小田急電鉄は東京地下鉄株式会社、東急不動産株式会社と共に、小田急百貨店新宿店本館のあるエリアに地上 48 階、地下 5 階建て、高さ約 260 メートルの複合超高層ビルを建設する計画で10月にも着工予定。

資金需要の拡大

ハイアットリージェンシー 東京と隣接するオフィスビルの2棟合わせた売却額は1400億円規模とみられており、再開発に伴う資需要が売却の背景にあると考えられる。

まとめ

ハイアットリージェンシー東京は昭和 55 年に「ホテルセンチュリーハイアット」として開業し、日本初のハイアットホテルであることからも注目され人気を集めたホテルです。
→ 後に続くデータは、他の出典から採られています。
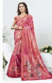
Soha / 09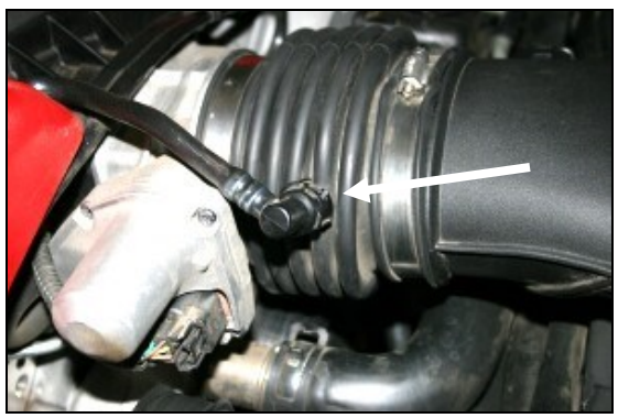
2. Push the tab on the top of the crankcase breather connector, and disconnect the breather hose from the factory intake tube breather fitting.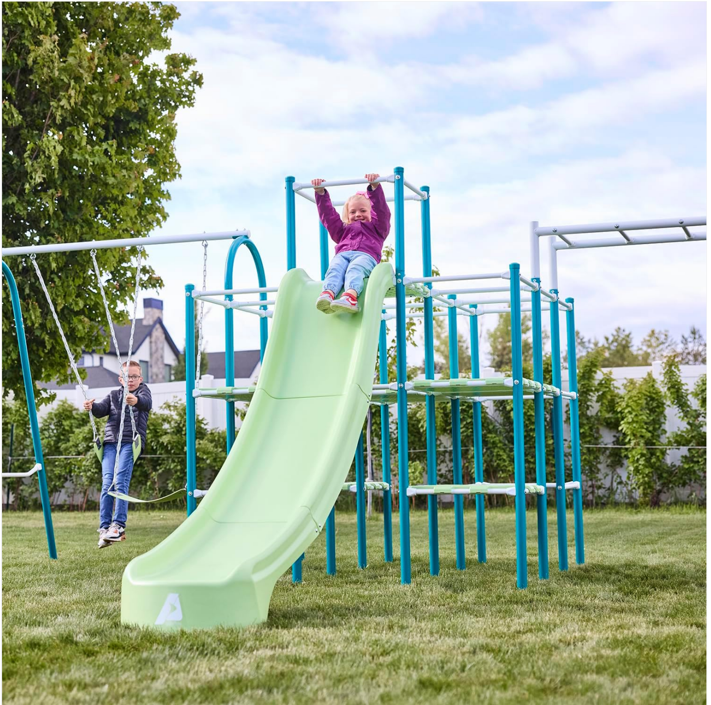
Image: Children actively using the slide and swing components of the playset.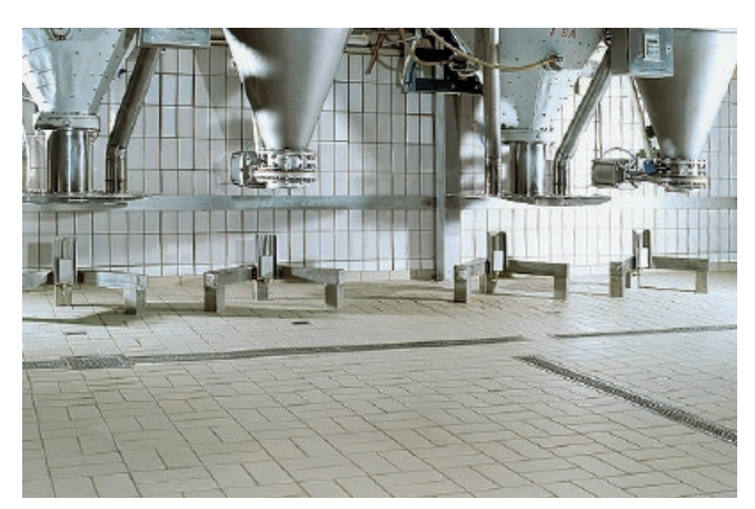
Production shed, Nuremberg, Germany

For AGROB BUCHTAL, the world-wide renowned company providing ceramic problem solutions, high-quality products and first-class service are inseparable. That is why planners and architects using our products can benefit from the know-how of our inhouse planning department - for competent support in all phases of the project.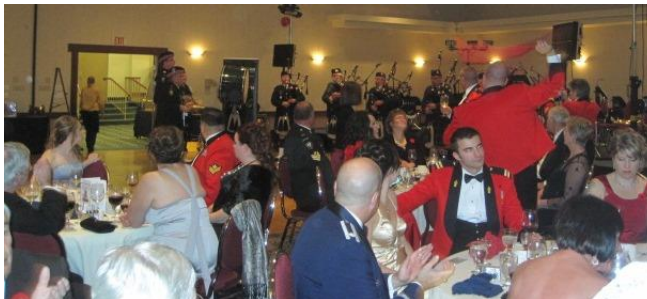
Fig 35 The over 200 people at the 65 th military Ball enjoy the music of the 26 th Field Pipes and Drums.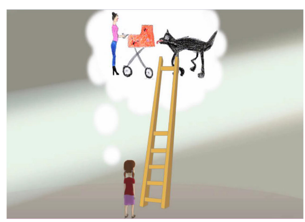
Figure 4 The children and parents work together to plan the ladders for the child's stepwise progress towards the most feared and avoided situations.

psychotherapists. They review the progress made by the child and parents, introduce new skills, help solve problems and provide support and encouragement. The programme content, including the telephone calls, is structured so that all the families get the same treatment. Telephone calls are recorded to ensure the fidelity and quality of the treatment and the participants are informed about this at the start of each call.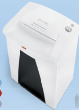
HSM SECURIO B32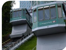
Falls Incline Railway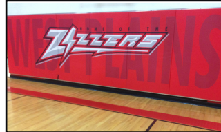
Gymnasium Wall Padding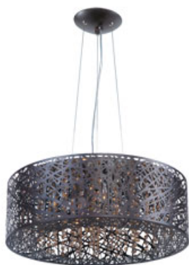
E21308-10BZ Inca 9-Light Pendant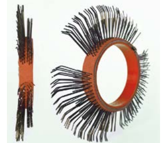
BRISTLE BLASTER® AXIAL BELT, STEEL, 11 MM, RIGHT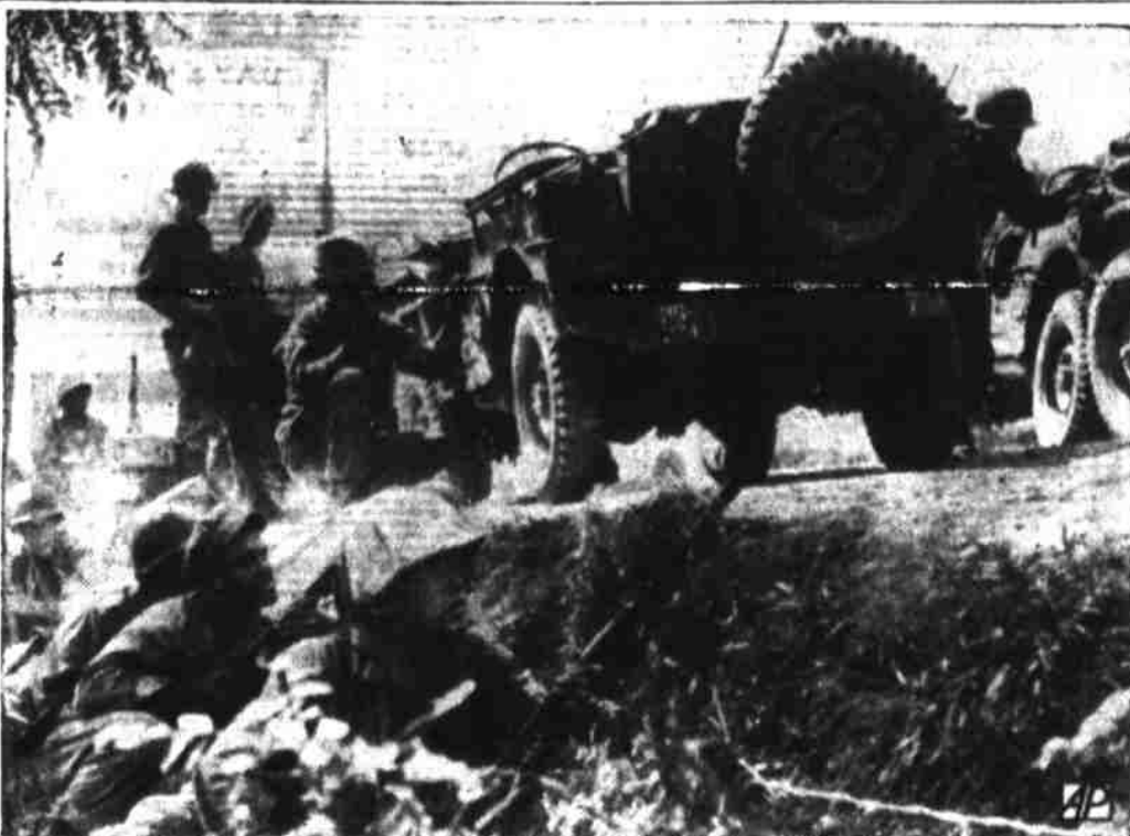
UNDER ENEMY FIRE — U. S. 25th Division soldiers are shown crouching behind a jeep under Red sniper fire as they watch American planes strafe North Korean positions on a nearby hill. This action happened in the Masan sector of the southern Korean front.

2001年3月30日からセンチュリーハイアット東京に、2007年10月1日からハイアット リージェンシー 東京にリブランドしました。
近年は新型コロナウイルス感染拡大による外出自粛などの影響を受け、稼働率が低下していたようです。今回、年間売り上げ2180億ドルと言われる巨大プライベート・エクイティ・ファンドKKRが買収する方向で調整していると報道されましたので、KKRとは何か。そして関係する日本人、そして小田急の戦略について調査しました。
日本の銀行と証券会社に在籍したことのある超エリート金融ビジネスマンが次々に代表を務めるKKR。一連の買収が日本にとって良いことなのか、これからも調査したいと思います。最後までお読みいただきありがとうございました。